Repeat the lines below exactly as written, please, from the line with "3. Soan Pantai Penarukan" to the line with "Voetbalwedstrijd tussen homo's", both lines included, and no others.
**** Dataset
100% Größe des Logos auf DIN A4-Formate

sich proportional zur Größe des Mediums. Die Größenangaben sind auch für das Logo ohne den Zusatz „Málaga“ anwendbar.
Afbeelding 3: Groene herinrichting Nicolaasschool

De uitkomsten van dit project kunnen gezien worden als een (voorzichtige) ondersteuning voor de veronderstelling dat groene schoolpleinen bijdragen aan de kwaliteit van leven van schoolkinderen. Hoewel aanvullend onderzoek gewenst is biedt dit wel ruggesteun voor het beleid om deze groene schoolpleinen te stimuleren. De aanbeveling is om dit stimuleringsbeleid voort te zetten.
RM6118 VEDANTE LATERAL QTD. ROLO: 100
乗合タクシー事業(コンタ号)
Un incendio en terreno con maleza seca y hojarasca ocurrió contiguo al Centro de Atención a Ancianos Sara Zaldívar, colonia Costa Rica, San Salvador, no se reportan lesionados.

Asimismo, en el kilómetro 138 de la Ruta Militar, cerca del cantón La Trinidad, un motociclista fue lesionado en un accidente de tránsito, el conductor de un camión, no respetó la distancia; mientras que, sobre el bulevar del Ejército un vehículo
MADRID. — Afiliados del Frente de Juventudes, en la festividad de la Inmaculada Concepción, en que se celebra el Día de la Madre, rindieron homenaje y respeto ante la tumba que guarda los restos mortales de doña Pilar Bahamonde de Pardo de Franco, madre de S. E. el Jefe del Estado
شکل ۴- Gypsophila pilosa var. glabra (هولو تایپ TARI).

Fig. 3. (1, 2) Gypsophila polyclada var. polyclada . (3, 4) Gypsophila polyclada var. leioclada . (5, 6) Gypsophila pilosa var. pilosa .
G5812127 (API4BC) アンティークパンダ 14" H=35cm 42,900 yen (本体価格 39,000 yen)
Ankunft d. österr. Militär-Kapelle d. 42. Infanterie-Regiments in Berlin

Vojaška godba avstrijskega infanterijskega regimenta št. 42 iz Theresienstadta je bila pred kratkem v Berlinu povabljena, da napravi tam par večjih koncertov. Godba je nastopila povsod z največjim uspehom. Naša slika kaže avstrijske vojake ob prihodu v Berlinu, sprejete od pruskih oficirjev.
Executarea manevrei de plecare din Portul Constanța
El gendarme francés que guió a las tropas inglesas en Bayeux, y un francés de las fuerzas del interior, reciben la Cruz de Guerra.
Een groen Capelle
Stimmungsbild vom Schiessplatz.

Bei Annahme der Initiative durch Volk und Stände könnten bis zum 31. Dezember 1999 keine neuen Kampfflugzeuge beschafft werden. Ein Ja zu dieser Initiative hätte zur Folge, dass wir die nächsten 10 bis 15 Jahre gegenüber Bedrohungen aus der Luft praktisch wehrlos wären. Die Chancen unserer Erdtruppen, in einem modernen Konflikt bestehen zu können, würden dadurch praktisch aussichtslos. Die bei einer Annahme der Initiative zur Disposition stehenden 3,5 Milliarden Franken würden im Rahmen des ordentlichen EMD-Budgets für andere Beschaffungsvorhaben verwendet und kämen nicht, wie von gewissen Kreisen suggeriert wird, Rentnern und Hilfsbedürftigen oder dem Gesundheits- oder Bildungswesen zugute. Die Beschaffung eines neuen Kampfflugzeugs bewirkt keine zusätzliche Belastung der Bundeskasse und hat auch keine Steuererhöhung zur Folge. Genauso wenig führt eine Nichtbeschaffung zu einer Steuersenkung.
********
**** Dataset
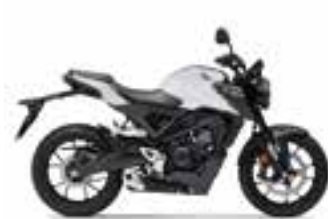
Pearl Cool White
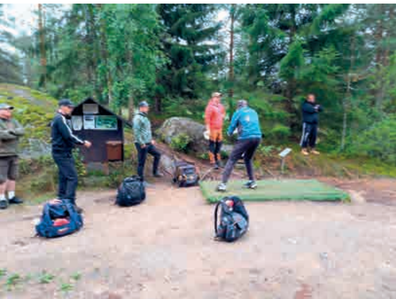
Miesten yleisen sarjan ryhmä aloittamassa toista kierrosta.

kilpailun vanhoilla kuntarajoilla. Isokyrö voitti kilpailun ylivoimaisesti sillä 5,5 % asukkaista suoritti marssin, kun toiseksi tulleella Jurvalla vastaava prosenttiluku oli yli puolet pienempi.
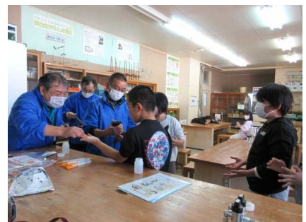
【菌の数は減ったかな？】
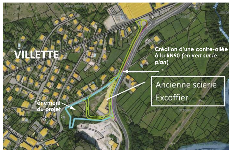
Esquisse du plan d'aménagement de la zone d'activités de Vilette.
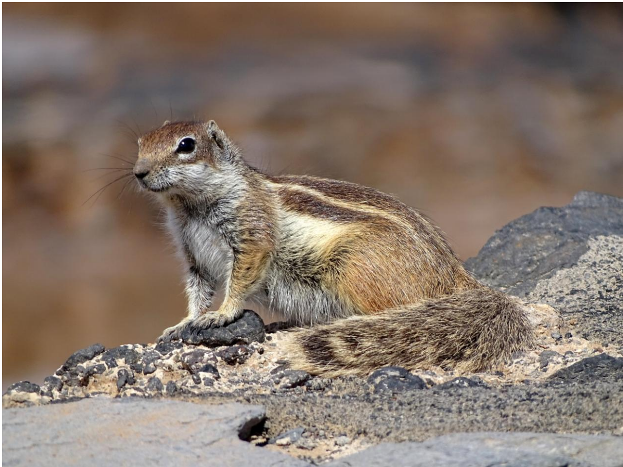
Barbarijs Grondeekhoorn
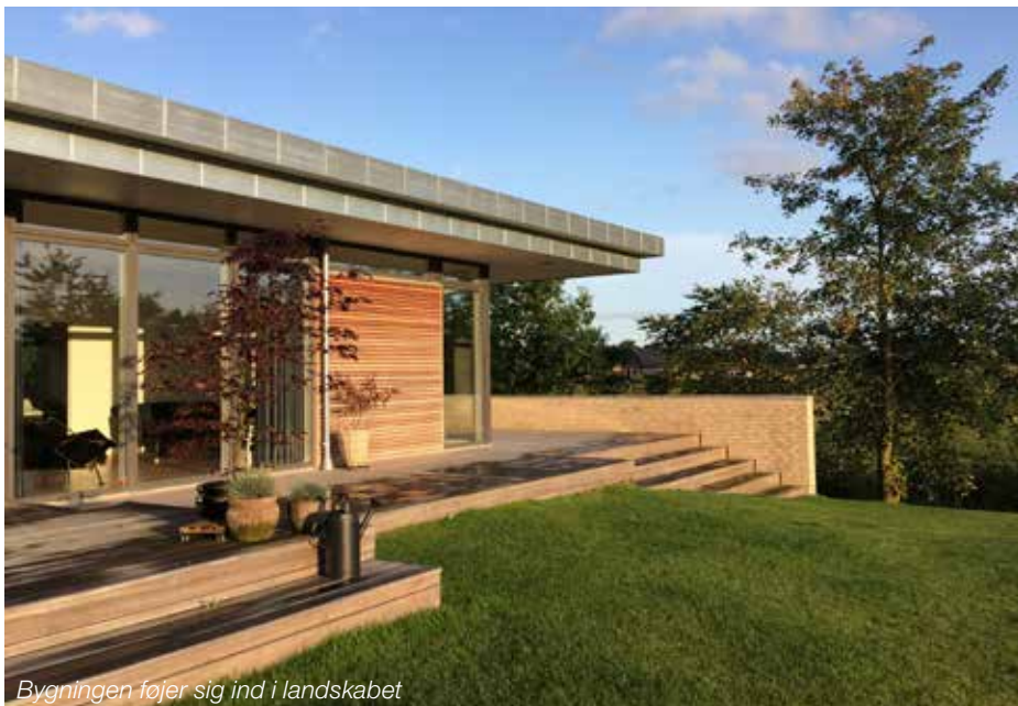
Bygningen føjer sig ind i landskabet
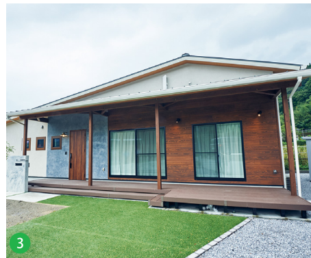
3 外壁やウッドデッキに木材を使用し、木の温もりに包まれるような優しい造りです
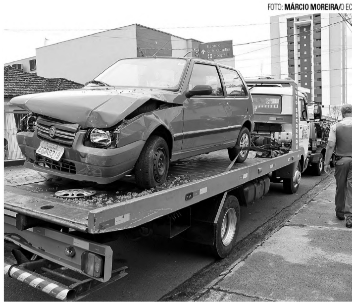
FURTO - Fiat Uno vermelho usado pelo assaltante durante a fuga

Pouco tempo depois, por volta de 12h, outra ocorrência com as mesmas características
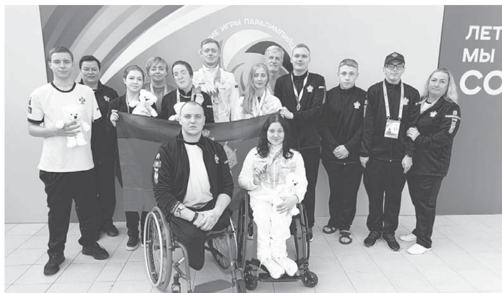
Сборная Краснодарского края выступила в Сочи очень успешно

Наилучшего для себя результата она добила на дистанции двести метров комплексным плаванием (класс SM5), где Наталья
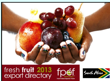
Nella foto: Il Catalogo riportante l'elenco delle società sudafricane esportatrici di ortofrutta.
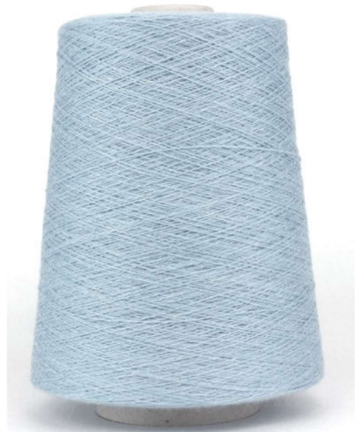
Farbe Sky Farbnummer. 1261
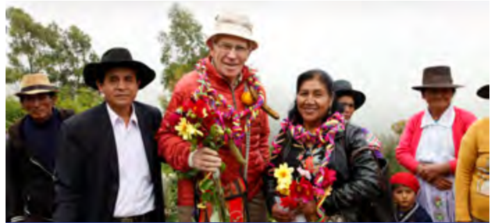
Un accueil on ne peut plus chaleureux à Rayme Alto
********
**** Dataset
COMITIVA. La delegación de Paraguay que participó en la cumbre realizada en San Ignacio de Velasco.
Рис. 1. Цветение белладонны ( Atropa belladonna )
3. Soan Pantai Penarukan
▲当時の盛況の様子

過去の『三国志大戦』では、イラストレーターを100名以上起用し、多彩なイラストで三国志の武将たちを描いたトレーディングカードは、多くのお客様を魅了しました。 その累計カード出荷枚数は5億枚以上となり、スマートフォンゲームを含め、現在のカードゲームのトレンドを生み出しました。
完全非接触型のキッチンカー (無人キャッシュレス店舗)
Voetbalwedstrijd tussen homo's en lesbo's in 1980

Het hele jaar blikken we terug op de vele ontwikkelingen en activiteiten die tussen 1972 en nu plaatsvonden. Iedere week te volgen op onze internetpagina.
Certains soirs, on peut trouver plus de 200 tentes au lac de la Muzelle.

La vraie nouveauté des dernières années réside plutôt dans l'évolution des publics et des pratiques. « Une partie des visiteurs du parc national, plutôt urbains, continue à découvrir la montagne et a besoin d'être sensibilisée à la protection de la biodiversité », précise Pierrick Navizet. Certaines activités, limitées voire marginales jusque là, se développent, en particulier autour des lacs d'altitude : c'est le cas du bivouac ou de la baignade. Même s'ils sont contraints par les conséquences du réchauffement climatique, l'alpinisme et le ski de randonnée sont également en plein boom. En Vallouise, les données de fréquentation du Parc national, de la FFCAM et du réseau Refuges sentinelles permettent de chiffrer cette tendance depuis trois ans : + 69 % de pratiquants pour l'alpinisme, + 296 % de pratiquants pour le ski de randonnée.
********
Exercise result —
3. Soan Pantai Penarukan
▲当時の盛況の様子

過去の『三国志大戦』では、イラストレーターを100名以上起用し、多彩なイラストで三国志の武将たちを描いたトレーディングカードは、多くのお客様を魅了しました。 その累計カード出荷枚数は5億枚以上となり、スマートフォンゲームを含め、現在のカードゲームのトレンドを生み出しました。
完全非接触型のキッチンカー (無人キャッシュレス店舗)
Voetbalwedstrijd tussen homo's en lesbo's in 1980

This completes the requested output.